Ceci dit, Jahine grand poète du dialectal, l’a incité d’abord à écrire ses poèmes en dialectal. Mais elle a préféré par la suite cette langue inter­médiaire entre le dialectal et le clas­sique, plus proche de la langue de la presse. Elle a vite fait son choix avec lucidité en sachant qu’elle n’aurait rien à ajouter dans ce domaine.

Pour le moment, elle prend un répit, en lisant la poésie des autres et en cherchant en elle des sources pour une création différente et originale. Elle passe beaucoup de temps chez elle, surtout depuis la révolution de janvier 2011. La rue est devenue un endroit hostile et comme dit Abdel-Sabour « Chaque pas est une aven­ture ». Depuis la révolution, le monde extérieur qui était si familier durant la révolution n’existe plus.
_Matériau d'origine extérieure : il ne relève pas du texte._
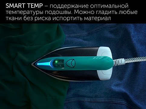 Технология SMART TEMP - поддержание оптимальной температуры подошвы. Можно гладить любые ткани без риска испортить материал.Технология равномерного распределения тепла по подошве "SMART HEAT".
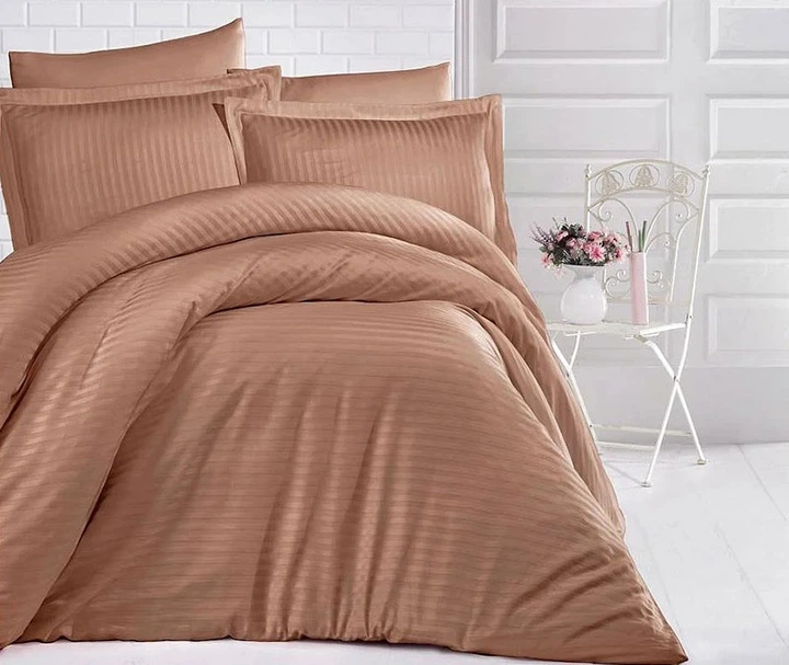 Комплект постільної білизни MERISET 120089876 Сімейний на резинці Сатин страйп Кавовий
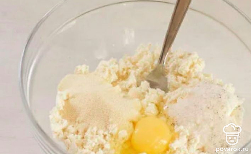 Творожную массу оставьте на 5-10 минут, чтобы манка набухла.
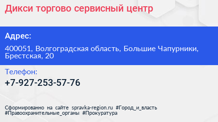 Дикси, торгово-сервисный центр по адресу 400051, Волгоградская область, Большие Чапурники, Брестская, 20 в дальнейшем Организация, размещена в следующих категориях:

Peut-être qu’il y a eu beaucoup de sang versé, et un sens du danger qui n’existait pas et tout ceci n’est plus. Comme beaucoup d’autres, on s’est recroquevillé sur nous-mêmes. Peut-être cette tristesse profonde se res­sent dans ce recueil Ma maison a deux portes où, malgré l’espoir et la joie, c’est l’heure du bilan. Fatma Qandil nous regarde avec ses yeux verts délavés et nous communique ce grand sens humain et ce don qui la rend si proche des autres.